(Beginning of Input records)

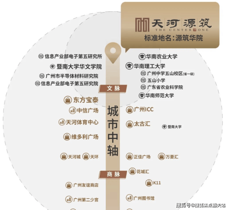 2. 世纪金源·天河源筑所在的环五山创新策源区,是湾区创新政策的重要实践地,也是产城融合的典型代表。该区域聚焦“人工智能+数字经济+科技创新”,承载着广州下一个十年的发展使命,汇聚了120家总部企业、71栋纳税过亿楼宇(占全市59%),产业浓度极高。周边华工、华师、华农、暨大4所双一流高校提供强大的产学研支撑,形成“高校研发+企业转化+居住配套”的完整生态链。项目作为片区内的大型综合体,涵盖住宅、学校、商业等业态,将高端居住与科技创新产业紧密结合,既满足科创人才的居住需求,又通过完善的配套服务产业发展,成为产城融合背景下“以产促城、以城兴产”的鲜活样本,推动区域从“学术高地”向“创新宜居新城”升级。
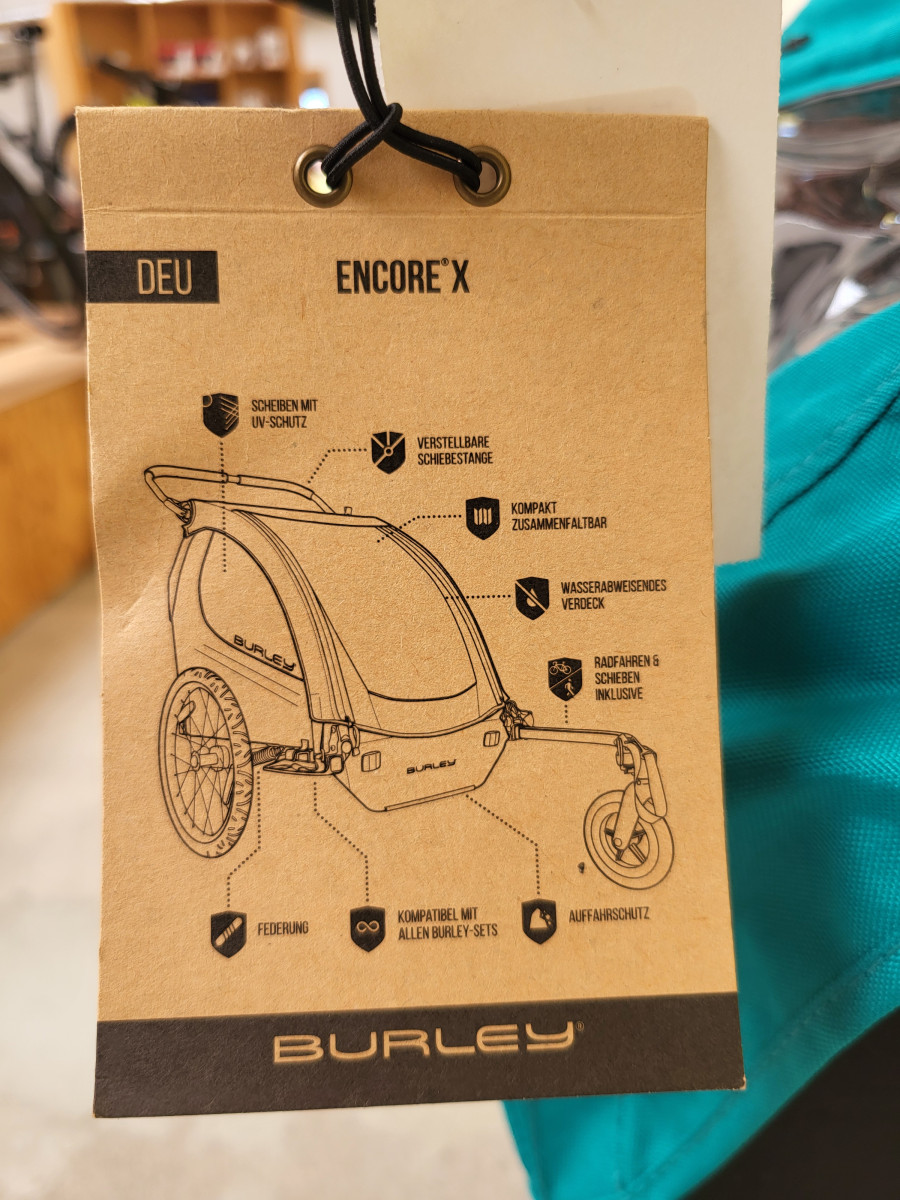 Sichern Sie sich einen neuwertigen Burley Encore X Kinderanhänger in der Farbe Türkis (Modell 2023/2024). Der Encore X ist ein vielseitiger Anhänger, der Sicherheit, Komfort und Flexibilität vereint und sich schnell in einen Kinderwagen umbauen lässt. Dieser Anhänger ist ideal für den Transport von zwei Kindern und befindet sich in einem makellosen Zustand (ggf. als Ausstellungs- oder Vorführmodell). Er ist sofort verfügbar. Fakten & Detaillierte Ausstattung Komfort & Sicherheit für die Kinder • Sitzplätze: 2 Kinder • Sicherheitsgurt: Gepolstertes 5-Punkte-Sicherheitsgurtsystem (einstellbar). • Federung: Dämpfende Federung für erhöhten Fahrkomfort auf unebenen Wegen. • Fenster: Rundum-Fensterscheiben mit hohem UV-Schutz und guter Belüftung. • Rückenlehne: Abclipbar, um den Innenraum für den reinen Lastentransport zu vergrößern. Technische Daten & Features • Zuladung (Max.): 45 kg • Eigengewicht: Sehr leichte 11,2 kg • Bremsen: Einfach per Fuß zu bedienende Feststellbremse (hält den Anhänger im Stand sicher). • Sichtbarkeit: LED-Rücklicht und Reflektoren für optimale Sichtbarkeit im Straßenverkehr. • Schiebebügel: Individuell einstellbarer Schiebebügel mit Sicherheitsfangleine (für den Kinderwagen-Modus). • Transport & Lagerung: Kompakt zusammenfaltbar für einfachen Transport im Auto oder platzsparende Lagerung. • Zulassung: Zugelassen nach StVZO (in der Fahrradanhänger-Konfiguration). Service und Besichtigung Der Anhänger ist bei uns im Laden zu besichtigen und abzuholen. Gerne zeigen wir Ihnen die einfache Handhabung, das Zusammenfalten und die schnelle Ankupplung an Ihr Fahrrad. Besondere Kaufvorteile: 1. Zufuhr-Service: Kostenlose Lieferung im Umkreis von 50 km. 2. Versand: Fachgerechte Verpackung und Abwicklung des Versands (Kosten nach Absprache). Nutzen Sie diese Gelegenheit, um sich diesen hochwertigen Burley-Anhänger zum attraktiven Preis zu sichern! Bei Fragen melden Sie sich gerne jederzeit. Öffnungszeiten & Kontakt Hinweis: Bitte prüfen Sie die aktuellen Zeiten auf unserer Webseite oder rufen Sie uns an. Montag Geschlossen Dienstag 09:00–12:00, 15:00–18:00 Uhr Mittwoch 09:00–12:00, 15:00–18:00 Uhr Donnerstag 09:00–12:00, 15:00–18:00 Uhr Freitag 09:00–12:00, 15:00–18:00 Uhr Samstag 09:00–14:00 Uhr Sonntag Geschlossen der Fahrradladen Langenau Hannes Michalek Wörthstraße 40 89129 Langenau 07345/2109500
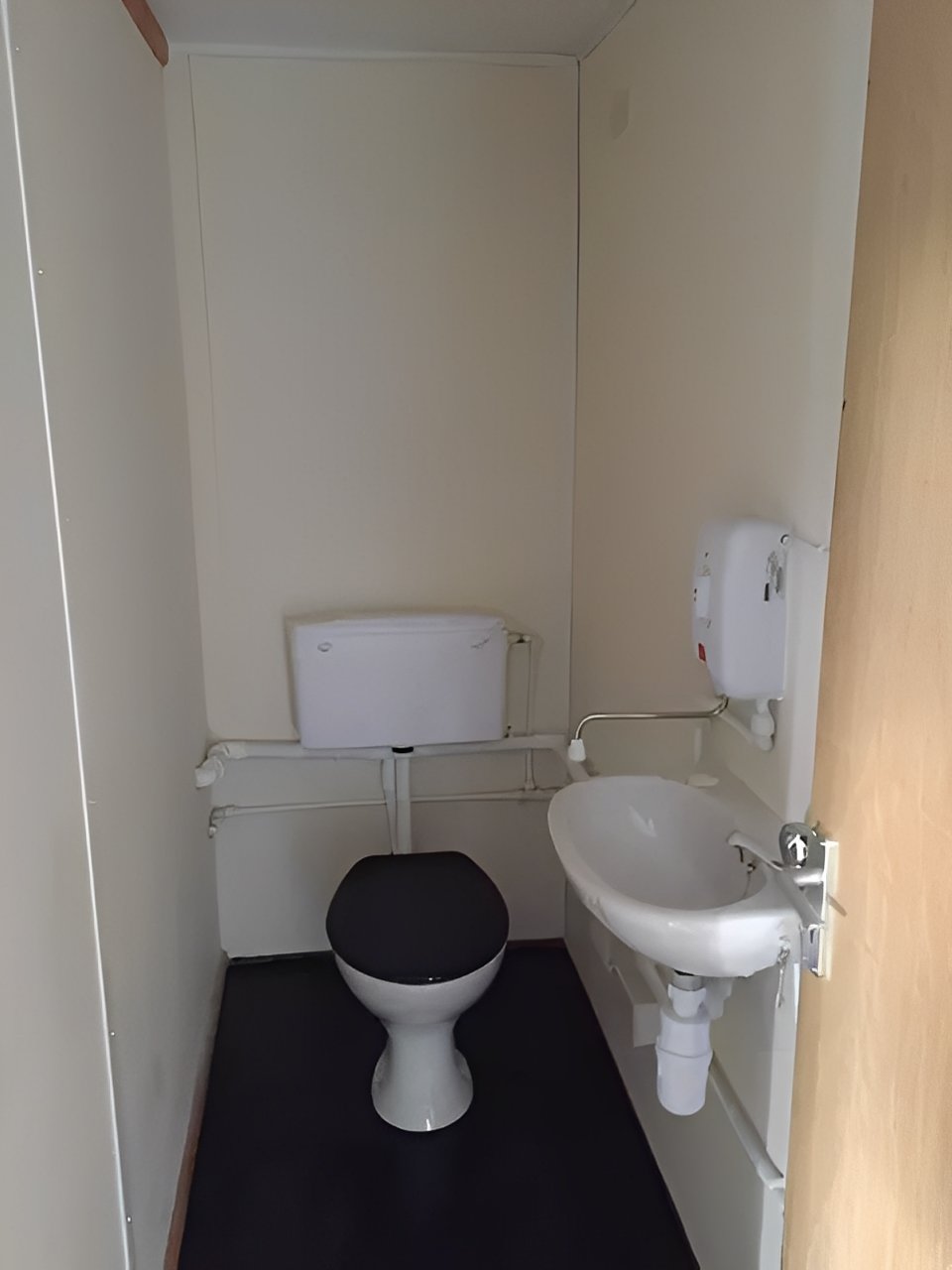 Restroom: Toilet and hand wash sink in a private enclosed area
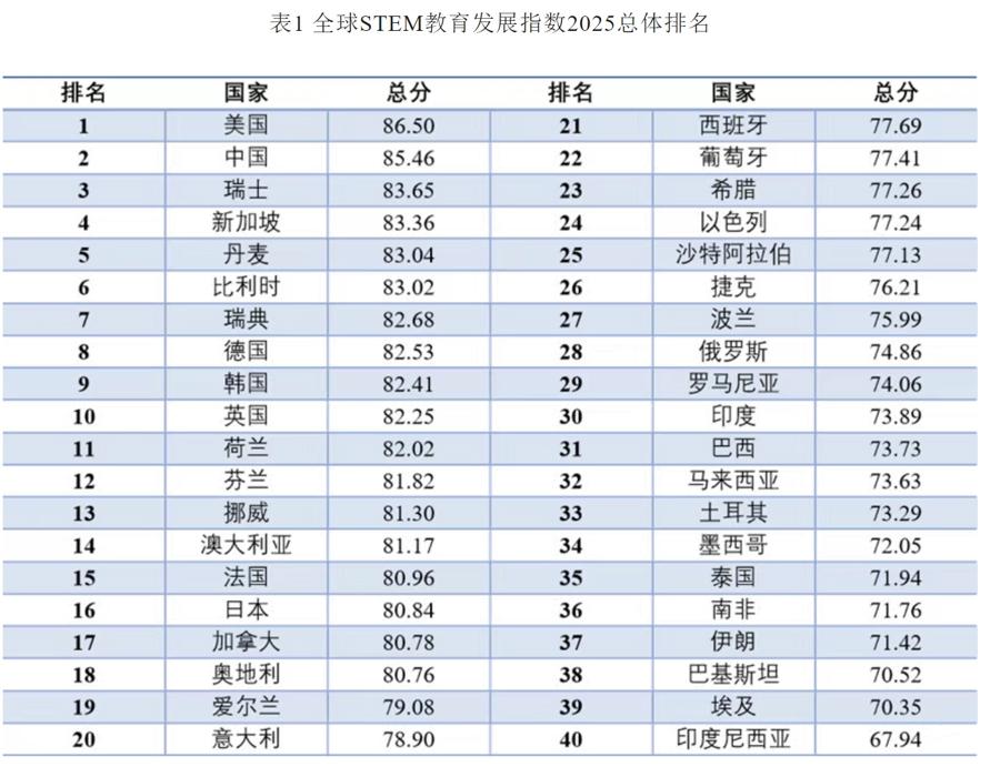 今天(7月13日),同濟大學STEM(科學、技術、工程、數學)教育智庫發佈全球首個國家與地區STEM教育發展綜合評估工具——全球STEM教育發展指數2025(以下簡稱“指數”)。結果顯示,美國、中國、瑞士、新加坡、丹麥等國位居前列。
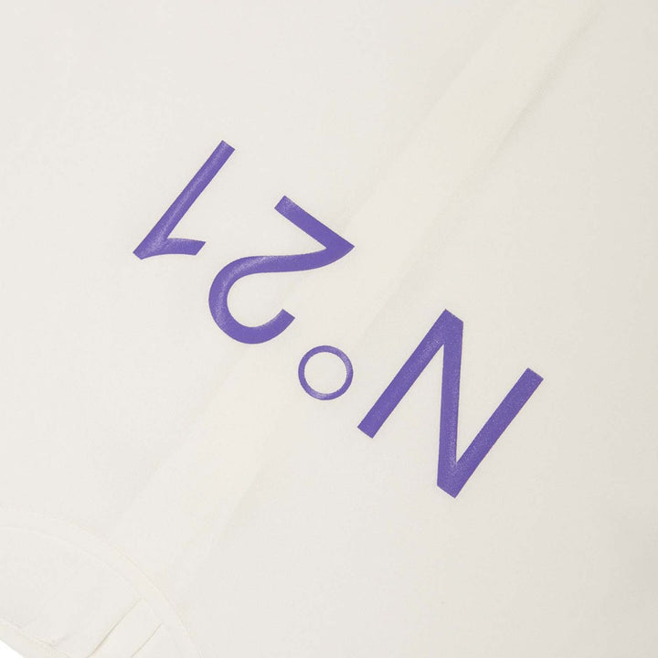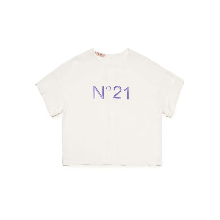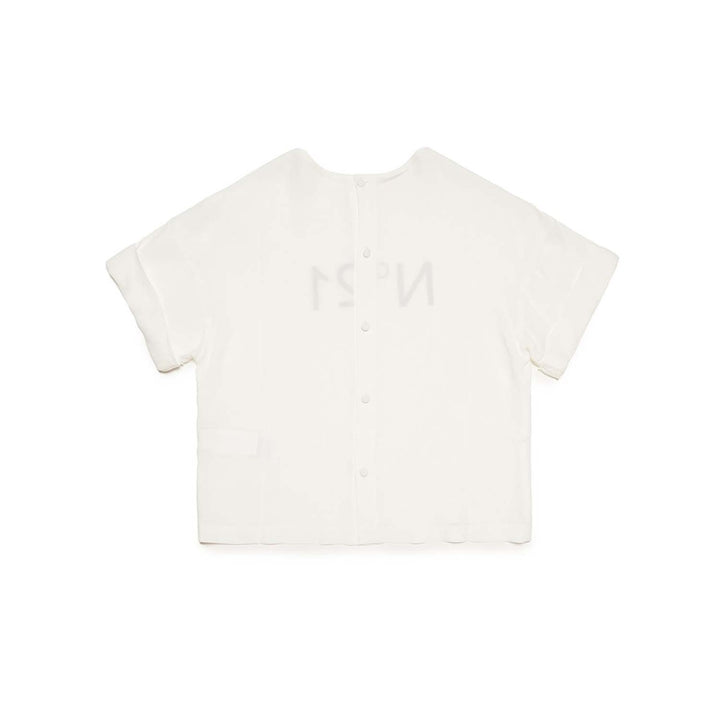 Crew-neck shirt in super fluid viscose crepe. Soft silhouette with dropped sleeves and taken up. Lined button closure at back. Featuring a tone-on-tone embroidered N°21 Institutional logo on the front. A romantic-inspired garment. Suitable for a variety of occasions.
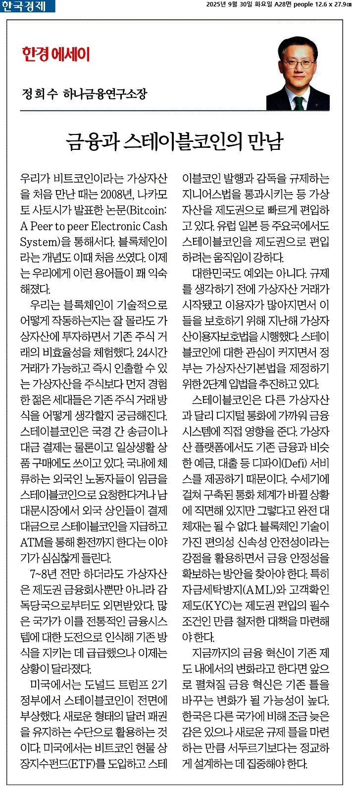 ③ 미국에서는 도널드 트럼프 2기 정부에서 스테이블코인이 전면에 부상했다. 새로운 형태의 달러 패권을 유지하는 수단으로 활용하는 것이다. 미국에서는 비트코인 현물 상장지수펀드(ETF)를 도입하고 스테이블코인 발행과 감독을 규제하는 지니어스법을 통과시키는 등 가상자산을 제도권으로 빠르게 편입하고 있다. 유럽 일본 등 주요국에서도 스테이블코인을 제도권으로 편입하려는 움직임이 강하다.
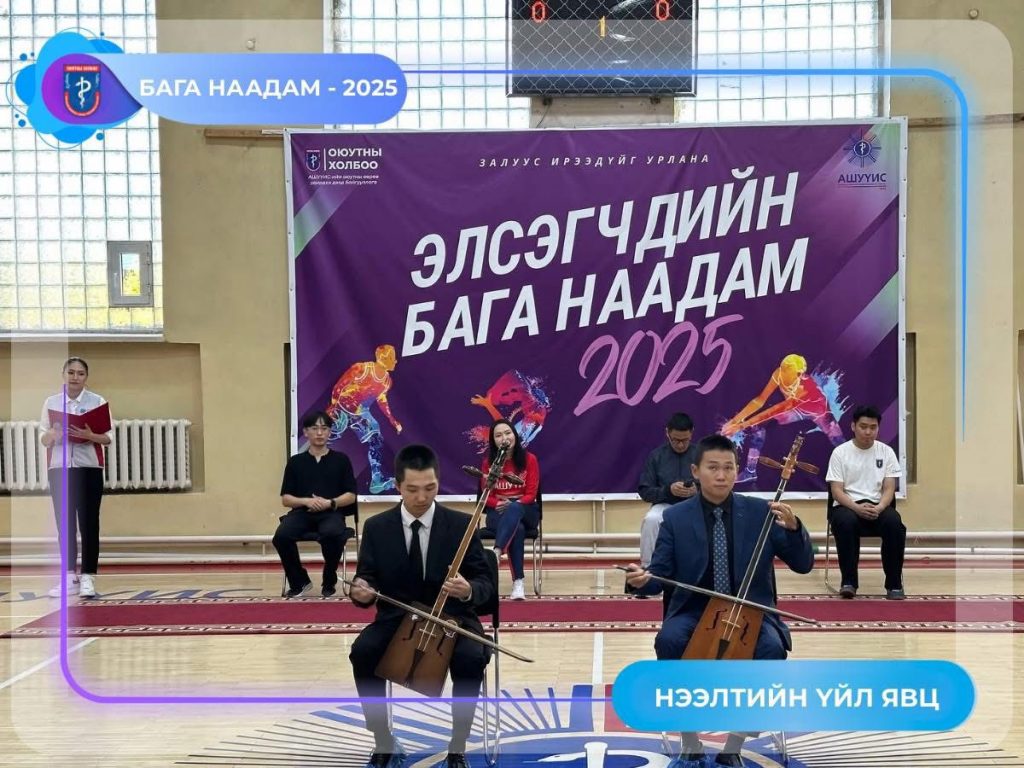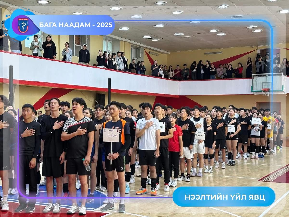 АШУҮИС-ийн “Элсэгчдийн урлаг, спортын бага наадам-2025”-д нийт 8 багийн төлөөлөл болох 400 гаруй оюутан залуус оролцож байгаа бөгөөд тамирчид өөрсдийн ур ухаан, авьяас чадвараа сорин спортын 4 төрөл, урлагийн 5 төрлөөр өрсөлдөж байна.
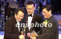中國大陸影帝姜文29日在香港舉行的“第二十屆香港電影金像獎頒獎典禮”上,與香港名導演吳思遠將最佳導演獎,頒發(fā)給李安。中新社傳真 洪少葵 攝
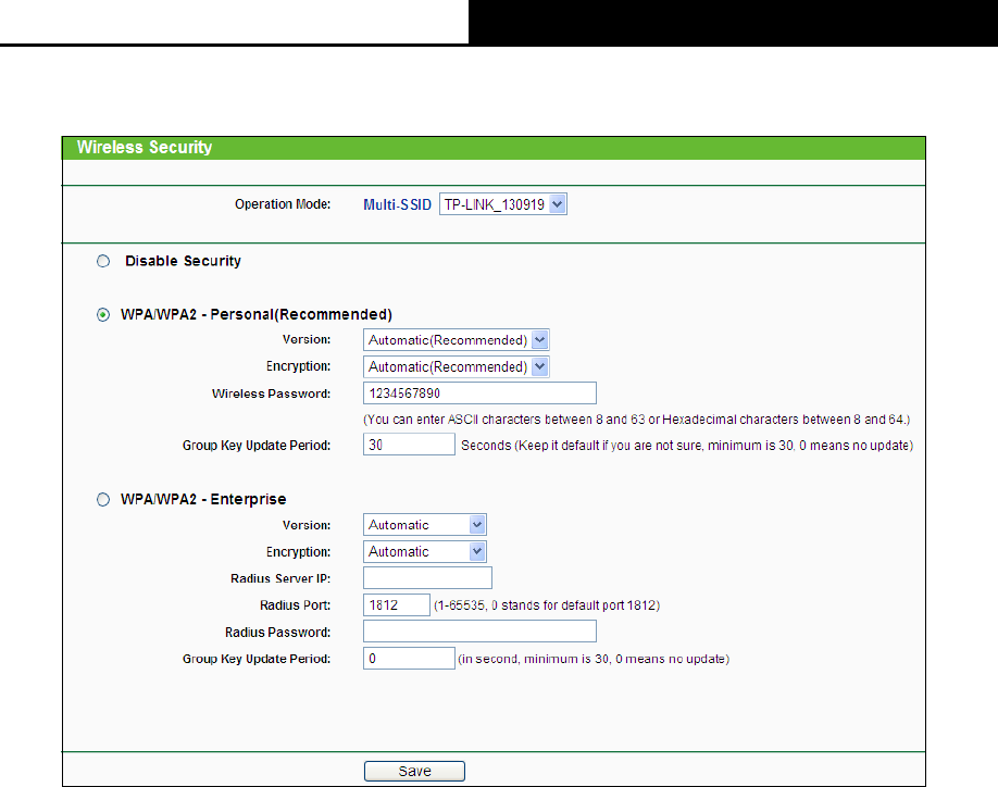 Disable Security - Check this box radio button to disable wireless security. If disabled, the

(End of Input records)

What to work on: Skip the pictures and give the entries above again word for word.

Exercise response:
 2. 世纪金源·天河源筑所在的环五山创新策源区,是湾区创新政策的重要实践地,也是产城融合的典型代表。该区域聚焦“人工智能+数字经济+科技创新”,承载着广州下一个十年的发展使命,汇聚了120家总部企业、71栋纳税过亿楼宇(占全市59%),产业浓度极高。周边华工、华师、华农、暨大4所双一流高校提供强大的产学研支撑,形成“高校研发+企业转化+居住配套”的完整生态链。项目作为片区内的大型综合体,涵盖住宅、学校、商业等业态,将高端居住与科技创新产业紧密结合,既满足科创人才的居住需求,又通过完善的配套服务产业发展,成为产城融合背景下“以产促城、以城兴产”的鲜活样本,推动区域从“学术高地”向“创新宜居新城”升级。
 Sichern Sie sich einen neuwertigen Burley Encore X Kinderanhänger in der Farbe Türkis (Modell 2023/2024). Der Encore X ist ein vielseitiger Anhänger, der Sicherheit, Komfort und Flexibilität vereint und sich schnell in einen Kinderwagen umbauen lässt. Dieser Anhänger ist ideal für den Transport von zwei Kindern und befindet sich in einem makellosen Zustand (ggf. als Ausstellungs- oder Vorführmodell). Er ist sofort verfügbar. Fakten & Detaillierte Ausstattung Komfort & Sicherheit für die Kinder • Sitzplätze: 2 Kinder • Sicherheitsgurt: Gepolstertes 5-Punkte-Sicherheitsgurtsystem (einstellbar). • Federung: Dämpfende Federung für erhöhten Fahrkomfort auf unebenen Wegen. • Fenster: Rundum-Fensterscheiben mit hohem UV-Schutz und guter Belüftung. • Rückenlehne: Abclipbar, um den Innenraum für den reinen Lastentransport zu vergrößern. Technische Daten & Features • Zuladung (Max.): 45 kg • Eigengewicht: Sehr leichte 11,2 kg • Bremsen: Einfach per Fuß zu bedienende Feststellbremse (hält den Anhänger im Stand sicher). • Sichtbarkeit: LED-Rücklicht und Reflektoren für optimale Sichtbarkeit im Straßenverkehr. • Schiebebügel: Individuell einstellbarer Schiebebügel mit Sicherheitsfangleine (für den Kinderwagen-Modus). • Transport & Lagerung: Kompakt zusammenfaltbar für einfachen Transport im Auto oder platzsparende Lagerung. • Zulassung: Zugelassen nach StVZO (in der Fahrradanhänger-Konfiguration). Service und Besichtigung Der Anhänger ist bei uns im Laden zu besichtigen und abzuholen. Gerne zeigen wir Ihnen die einfache Handhabung, das Zusammenfalten und die schnelle Ankupplung an Ihr Fahrrad. Besondere Kaufvorteile: 1. Zufuhr-Service: Kostenlose Lieferung im Umkreis von 50 km. 2. Versand: Fachgerechte Verpackung und Abwicklung des Versands (Kosten nach Absprache). Nutzen Sie diese Gelegenheit, um sich diesen hochwertigen Burley-Anhänger zum attraktiven Preis zu sichern! Bei Fragen melden Sie sich gerne jederzeit. Öffnungszeiten & Kontakt Hinweis: Bitte prüfen Sie die aktuellen Zeiten auf unserer Webseite oder rufen Sie uns an. Montag Geschlossen Dienstag 09:00–12:00, 15:00–18:00 Uhr Mittwoch 09:00–12:00, 15:00–18:00 Uhr Donnerstag 09:00–12:00, 15:00–18:00 Uhr Freitag 09:00–12:00, 15:00–18:00 Uhr Samstag 09:00–14:00 Uhr Sonntag Geschlossen der Fahrradladen Langenau Hannes Michalek Wörthstraße 40 89129 Langenau 07345/2109500
 Restroom: Toilet and hand wash sink in a private enclosed area
 今天(7月13日),同濟大學STEM(科學、技術、工程、數學)教育智庫發佈全球首個國家與地區STEM教育發展綜合評估工具——全球STEM教育發展指數2025(以下簡稱“指數”)。結果顯示,美國、中國、瑞士、新加坡、丹麥等國位居前列。
 Crew-neck shirt in super fluid viscose crepe. Soft silhouette with dropped sleeves and taken up. Lined button closure at back. Featuring a tone-on-tone embroidered N°21 Institutional logo on the front. A romantic-inspired garment. Suitable for a variety of occasions.
 ③ 미국에서는 도널드 트럼프 2기 정부에서 스테이블코인이 전면에 부상했다. 새로운 형태의 달러 패권을 유지하는 수단으로 활용하는 것이다. 미국에서는 비트코인 현물 상장지수펀드(ETF)를 도입하고 스테이블코인 발행과 감독을 규제하는 지니어스법을 통과시키는 등 가상자산을 제도권으로 빠르게 편입하고 있다. 유럽 일본 등 주요국에서도 스테이블코인을 제도권으로 편입하려는 움직임이 강하다.
 АШУҮИС-ийн “Элсэгчдийн урлаг, спортын бага наадам-2025”-д нийт 8 багийн төлөөлөл болох 400 гаруй оюутан залуус оролцож байгаа бөгөөд тамирчид өөрсдийн ур ухаан, авьяас чадвараа сорин спортын 4 төрөл, урлагийн 5 төрлөөр өрсөлдөж байна.
中國大陸影帝姜文29日在香港舉行的“第二十屆香港電影金像獎頒獎典禮”上,與香港名導演吳思遠將最佳導演獎,頒發(fā)給李安。中新社傳真 洪少葵 攝
 Disable Security - Check this box radio button to disable wireless security. If disabled, the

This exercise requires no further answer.